4. Give people a reason to get dressed
As nice as it is to slob around in our PJs and slippers every now and then, in the longer-term, lack of personal care can lead to a decline in motivation. In an industry in which taking pride in your appearance is important, we need to give staff reasons to look after themselves.
Encourage staff to get outside through team challenges. The Scouts recently walked to the Moon for charity. Your team might not be ready for the scale of that challenge (240,000 miles) but there are various resources which show how many steps it takes to walk from Land’s End to John O’ Groats (874 miles). Even just a weekly photo gallery of pictures staff took whilst on their walks might encourage the more sedentary outside briefly.
Zoom Book Clubs may not be your thing but perhaps Zoom movie Clubs or Netflix’s Watch Parties would be. Anything that involves visual interaction should encourage people to make a modest effort with their appearance and, conversely, a deteriorating personal appearance can be a useful way of identifying staff who may need a little extra support.
5. Look after yourself
How are you doing?
How have you been prioritising your own mental health? Leaders are also people trying to run a business in the middle of a pandemic. If you are too busy worrying about everything and everyone then take a breath? How far are you modelling some of the ideas set out above? There are lots of resources to help including this one called now pause.

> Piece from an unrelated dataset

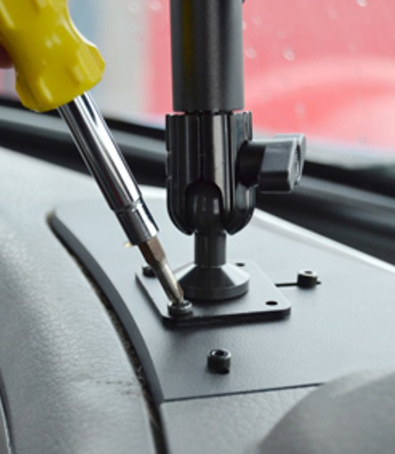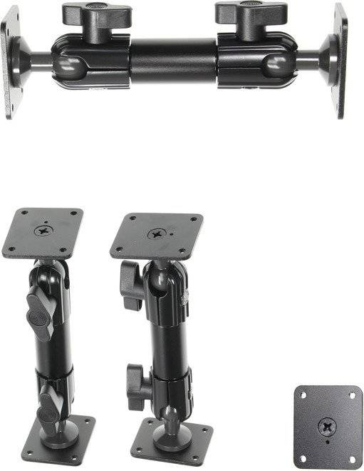 Ten system montażowy zapewnia stabilną instalację urządzenia w dowolnym pojeździe i na dowolnej płaskiej powierzchni. Idealnie nadaje się na wózki widłowe, ale także doskonale sprawdzi się w innych zastosowaniach. Bardzo łatwy do ustawienia pod dowolnym kątem i w dowolnej pozycji, dzięki głowicom kulowym, które można regulować w zakresie 210° (przód / tył) oraz obracać o 360°. Zestaw zawiera dwie kwadratowe podstawy kulowe oraz ramię średniej długości z podwójnym gniazdem.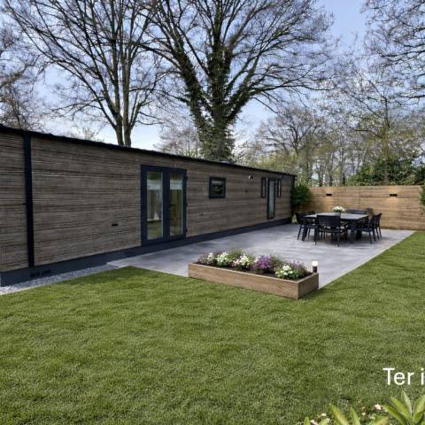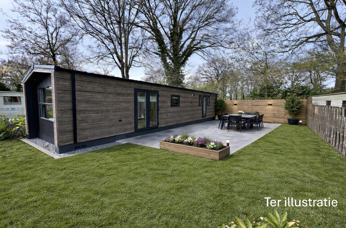 Wat maakt dit chalet uniek? De tuin biedt volop mogelijkheden en kan volledig naar uw wensen worden ingericht. U bepaalt zelf de indeling, het terras en de beplanting – zo creëert u uw ideale buitenruimte.

Harri offers mental health tools as part of our Compliance Package – Managing stress & anxiety in your teams.
Teams need stable leaders. If you are stressed and anxious it will filter down to your staff. This isn’t about being unrealistic about the situation, but it is about trying to present a positive aspect when communicating. Fake it ‘til you make it, may seem an odd mantra for these circumstances but it is an aspect of Cognitive Behavioural Therapy. If we keep offering the world a positive face even when it is hard, some of that positivity eventually becomes part of our reality.
Maybe the original idea behind Blue Monday was a bit of pseudo-science but that doesn’t mean we shouldn’t use the opportunity to give ourselves a mental health check.